Open enrollment, which runs from Nov. 1 through Dec. 15 this year, is also the only time that individuals and families can sign up for insurance and can apply for discounted health care through the Oregon Health Insurance Marketplace. Individuals who make less than $48,560 and families of four who make less than $100,400 can qualify for lower deductibles and premiums through tax credits and cost-sharing reductions.

“It’s really important for people to check with insurance agents and double check if their doctors are going to be covered for 2019,” said Diane Faligowski, owner of Health Plans in Oregon and a longtime insurance broker.

If policies change enough, insurance companies will enroll their patients in a similar plan. That new plan can be almost identical or very different. Federal regulations require insurance companies to send discontinuation notices to their customers even if plans change minimally.

Changes to 11 Moda Health plans and two Providence Health plans triggered discontinuation notices for 2019, meaning their patients could see slightly different co-pays or coverage, said Katie Button, a health plan management analyst at the Oregon Health Insurance Marketplace.

While changing some plans, Moda Health is also offering new ones, said Elizabeth Cronen, spokeswoman for the Oregon Health Insurance Marketplace.

Moda’s competitors also have added plans. Insurers were required to add HSA plans, where patients can contribute money to a health savings account tax free as long as they have a high deductible plan. Carriers on the exchange added that option to their selection of high deductible plans, Button said.

In 2019, seven insurance carriers will offer 67 plans in Oregon. Five of those carriers will offer 51 plans through the Affordable Care Act, which means patients can buy them on the Oregon health insurance marketplace  and may qualify for discounts.

Plans available through HealthCare.gov are from private insurance plans that are also available outside the market, but patients can only get financial assistance through the website.

Portland-area consumers have five insurance companies and 38 plans to choose from, but patients in less-populated counties have fewer choices. Patients in Lincoln and Douglas counties, for example, can choose from only one insurance company and four plans.  Insurance companies are reluctant to cover smaller populations, because that means fewer healthier patients to balance out the costs of a sick one, said Faligowski, the longtime broker.

While the number of plans has increased overall, the number of providers that those plans covered has decreased.

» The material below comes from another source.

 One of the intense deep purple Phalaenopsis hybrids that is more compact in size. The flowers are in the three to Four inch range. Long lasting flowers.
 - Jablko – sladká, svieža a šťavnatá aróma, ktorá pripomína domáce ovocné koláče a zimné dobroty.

“Every year you have to go through changes,” Faligowski said. “Either a plan cut out a network of doctors, or prescriptions are going to be changing. We always tell our clients to touch base with us and really pay attention to all of the notifications with the carrier.”

Shrinking provider networks could mean that patients may not be able to find plans that cover both their primary care doctors and their specialists, said Tina Kennedy, partner at Healthwise Insurance Planning.

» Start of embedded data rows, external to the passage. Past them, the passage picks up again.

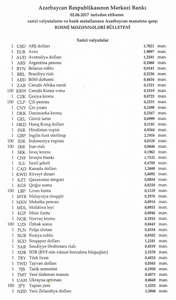 İyunun 1-də rəsmi olaraq 1 dollar 1,7020 manata, 1 avro isə 1.9141 manata bərabər idi.
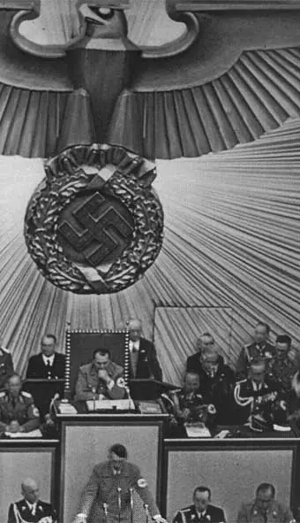El ascenso al poder. Hitler apoyó, en primer lugar, la elección de Hindenburg a la Presidencia de la República (1925) y llegó a obtener en tres elecciones sucesivas (1928, 1930 y 1932) la mayoría relativa en el Reichstag, gracias a la alianza con todos los movimientos de la derecha antidemocrática (Frente de Harzburg, 1931) para terminar siendo elegido, el 30 de enero de 1933 como Canciller del Reich. La crisis económica y social que minaba los cimientos de la frágil democracia alemana había conducido a la gran industria, las altas finanzas y al Estado Mayor a confiar al clásico hombre fuerte la reorganización autoritaria y antidemocrática del Estado alemán. Ya en el poder, Hitler se apresuró a poner en práctica su programa político basado en el control de todos los aspectos de la vida pública por los nazis, al tiempo que vaciaba de contenido las instituciones democráticas, rearmaba al ejército e iniciaba una campaña contra los judíos. Su agresiva política exterior, que buscaba recuperar los territorios arrebatados a Alemania a raíz de la firma del tratado de Versalles, incrementó la tensión internacional hasta el punto de conducir a la guerra, cuando Alemania invadió Polonia en septiembre de 1939. En la imagen, Hitler anunciando en el Reichstag la ocupación de Austria en marzo de 1938.
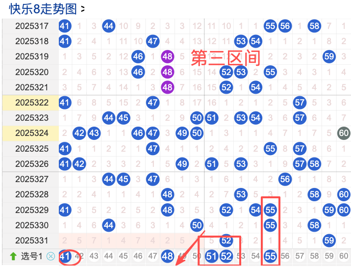 三区间开出了2个奖号(52.59)上期回顾三区开出2个奖号上期的三区间的奖号数量呈现一个递的形态,4头回补1个,本期先来看号码41近期出现频率相对来说是很稳定。偶尔有时间隔期数也是很长,说明其在近期的开奖中较的,号码48在近 30 期内出现次数相对是稳定的号码,近期的活跃度也是较。号码52有一定的间歇性,通常间隔5-3期会出现一次,没有明显的连续出现态势,走势相对较稳定,在整个第三区间的表现本期还是可以防守的。号码55走势相对近期较,近期没有连续间隔落号的情况,活跃度近期处于较稳定状态注意防守。
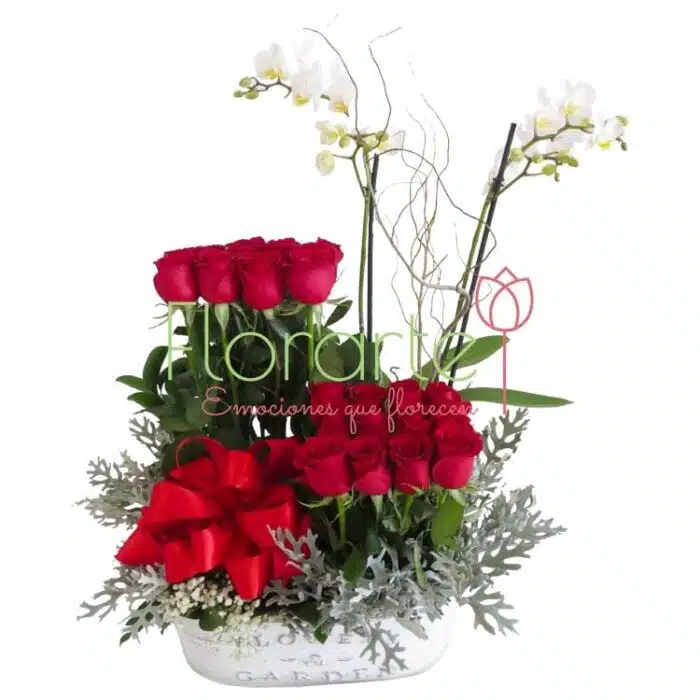 Hermosura de arreglo elaborado con dos docenas de rosas rojas, una planta de orquídea baby o mini de doble tallo entre follaje Miller (gris) y un lindo moño de tela en rojo en nuestra base de cerámica Flowers & Garden.
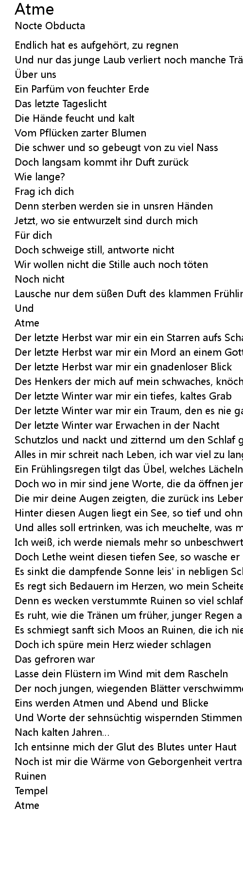 | Alles in mir schreit nach Leben, ich war viel zu lange tot | |
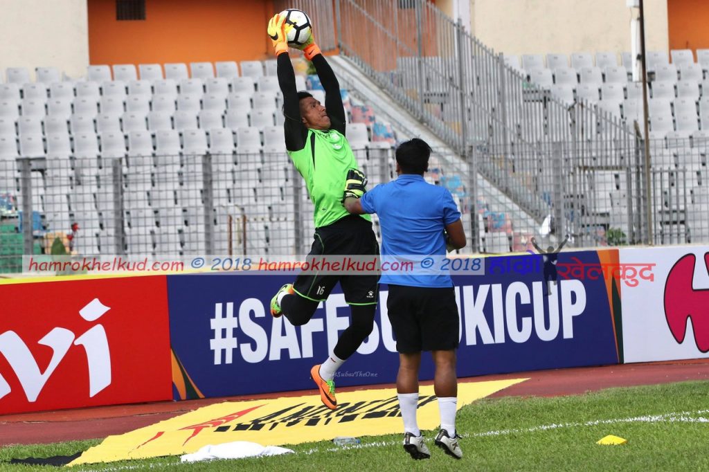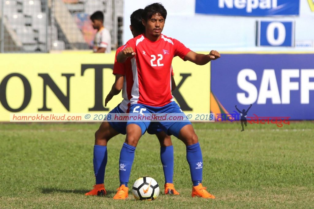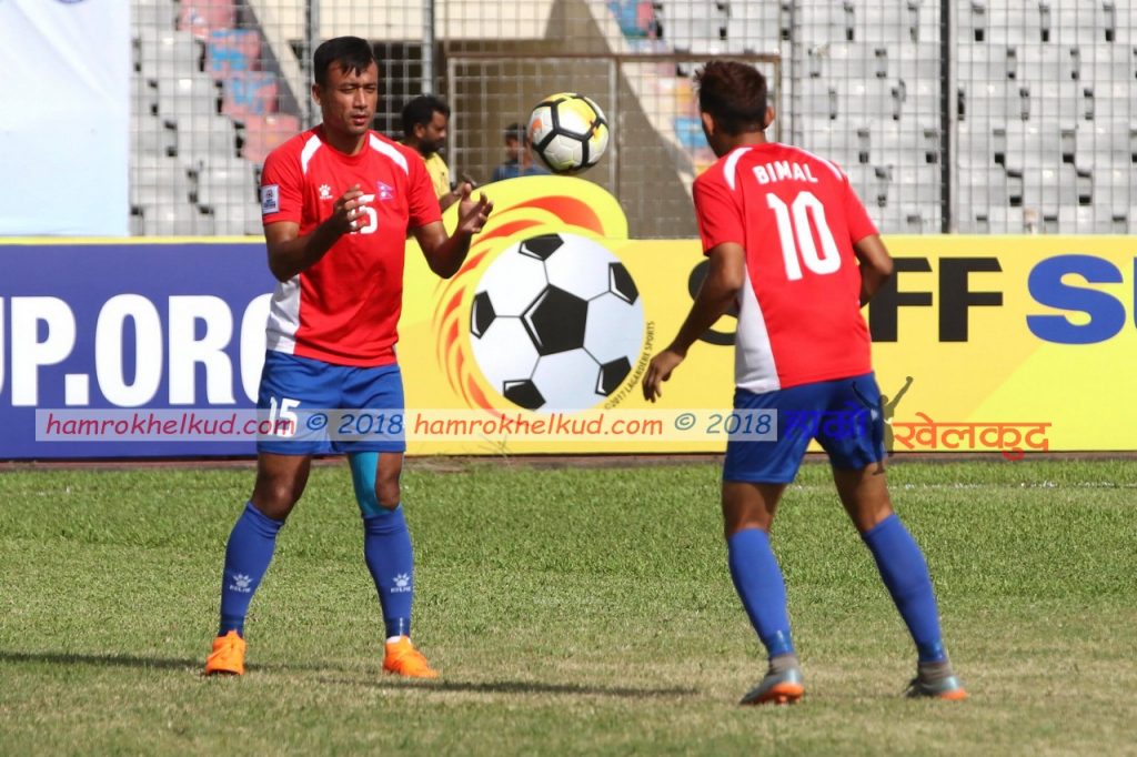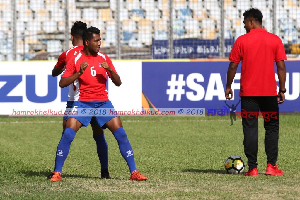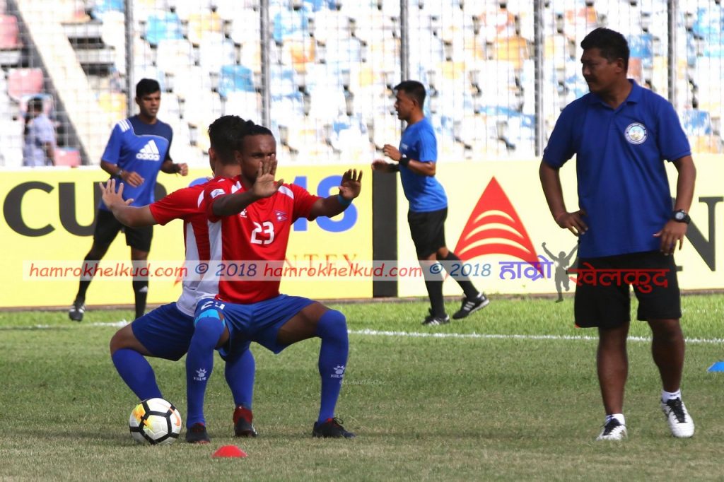 ढाका – साफ च्याम्पियनसिपको समूह चरणको दोस्रो खेलमा आज नेपालले भुटानको सामना गर्दैछ । खेलअघि वार्मअप गर्दै नेपाली टोलीको फोटो फिचर:

“All of the carriers have narrowed down their networks so much, that where you end up buying your insurance really depends on where your doctor is,” Kennedy said. “This is the most narrow that they’ve been.”

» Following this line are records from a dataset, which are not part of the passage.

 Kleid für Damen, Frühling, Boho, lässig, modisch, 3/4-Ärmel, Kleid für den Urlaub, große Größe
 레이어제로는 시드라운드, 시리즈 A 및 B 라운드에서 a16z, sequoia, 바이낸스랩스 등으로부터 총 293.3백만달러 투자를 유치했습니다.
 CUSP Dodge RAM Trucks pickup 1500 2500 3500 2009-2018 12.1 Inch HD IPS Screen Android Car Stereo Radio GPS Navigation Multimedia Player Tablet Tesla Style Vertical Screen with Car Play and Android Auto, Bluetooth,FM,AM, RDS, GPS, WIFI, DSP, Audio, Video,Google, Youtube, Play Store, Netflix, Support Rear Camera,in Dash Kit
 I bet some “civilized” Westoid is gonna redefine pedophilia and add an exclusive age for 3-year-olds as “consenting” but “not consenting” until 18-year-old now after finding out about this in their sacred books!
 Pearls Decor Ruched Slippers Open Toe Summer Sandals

People who wish to buy new insurances plans or change their existing ones should do so sooner rather than later, said insurance broker Henri Cross. Last year, open enrollment ran through Jan. 1. People should also be aware that HealthCare.gov often crashes toward the end of the deadline because of the influx of people buying plans at the last minute, Cross said.

“It can get overwhelmed at any time,” Cross said.

Open enrollment is the only time individuals and families can buy health insurance for themselves, unless they have a special enrollment period triggered by a new job, marriage, divorce or another major life event.

This does not apply to people who get insurance through the state’s Medicaid program. People who qualify for the Oregon Health Plan can get insurance any time.

“If a person isn’t insured or they are between plans, now is the time to really act,” Cross said.